Gas prices in the U.K. are much higher than the EU price cap.

There is no cap placed by European Union on gas prices. The rates vary across Europe as countries import natural gas from different reserves.


Context:

The natural gas prices have shot up across Europe, driven by the increased demands as countries lifted restrictions posed in the wake of the COVID-19 pandemic. Simultaneously, the Russian invasion of Ukraine in February 2022 resulted in a drop in Russian oil and natural gas exports to Europe further pushing the prices up. While these high rates are worrying the general public, several posts on social media are spreading various misleading claims. A Facebook post shared on August 11, 2022, claims "The EU price cap on gas is 43.99 Euros (£37) per mega watt hour. The U.K. is £263.79 per mega watt hour." The post has over 1600 shares. Similar claims are also viral on Twitter implying that people in the U.K. are being exploited by their government.

In fact:

A CNN News report quoted business analysts noting that Britain is facing higher increased natural gas prices than Italy, Germany, and the rest of Europe. It includes data from the Office of National Statistics (ONS) according to which UK natural gas prices rose nearly 96% in the year to July. The report further added "The worst is yet to come. Average annual energy bills could exceed £4,000 ($4,820) from January.” The reasons for the increased prices mentioned in the report include the broken market, lack of storage, and minimal government support. The markets designed by the U.K. government operate in different ways when compared with other European markets. European markets are believed to have harder regulations on suppliers and rules that protect them from increasing the price suddenly.

Logically has also published a report detailing why British bills are increasing faster than those in some European countries.

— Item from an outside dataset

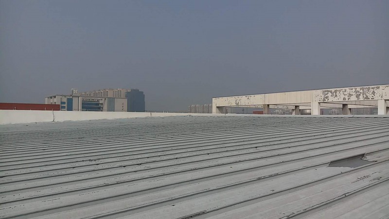 占地面8400平米,分三个区域。屋面采用900型冲孔板为底板,中间加100厚玻璃丝棉,屋面板为65-430型铝镁锰板,四周女儿墙用铝板包边,工期2个月。

Although the prices are rising, particularly in the U.K., the claims that rates are higher than the EU price cap are false. Firstly, the EU (European Union) has not set a gas price cap for its members; the approach varies in different countries as they import from various natural gas sellers. According to Euro News, Spain and Portugal import gas mainly from Algeria and Morocco. At the same time, Germany and U.k import fuel from Russia.

It is also important to note here that in May 2022, Reuters reported that the EU commissioner had denied that the union leaders will decide on a price cap. 

Claims of an EU price cap could be based on the fact that the EU agreed to the governments of Spain and Portugal's decision to cap the prices at 40 euros per megawatt-hour, which could be increased to an average of 50 euros over the next 12 months, as per a Reuters report published on May 9,2022. However, the EU did not arrange this but only accepted Spain and Portugal's proposal.

The figure that the U.K. gas price is at £263.79 per megawatt-hour is also incorrect. The Financial Times reported on August 22, 2022, that wholesale gas prices are capped up to £4.80 a therm, equivalent to £163.7 per megawatt-hour. According to the Office of Gas and Electricity Markets (Ofgem), the household gas price cannot exceed £0.07 per kilowatt-hour, that is, £70 megawatt-hour, excluding the daily standing charge. According to Reuters, natural gas prices have also surged in Germany and are now levied to 18.30 euro cents per kilowatt hour (Kwh), increased from 7.87 cents due to the decrease in Russian oil exports. Another Reuters report predicted that the gas prices in Europe are expected to soar even more and can go up to 60 percent in winter, as Russian state gas company Gazprom production continues to fall during winter sanctions.

The verdict:

Gas prices are indeed rising at higher rates in the U.K. than in the rest of Europe, but the costs are not capped at the rate as claimed in the posts. Also, there is no specific price fixed by the European Union across the continent; it varies from different countries. Therefore, we have marked this claim false.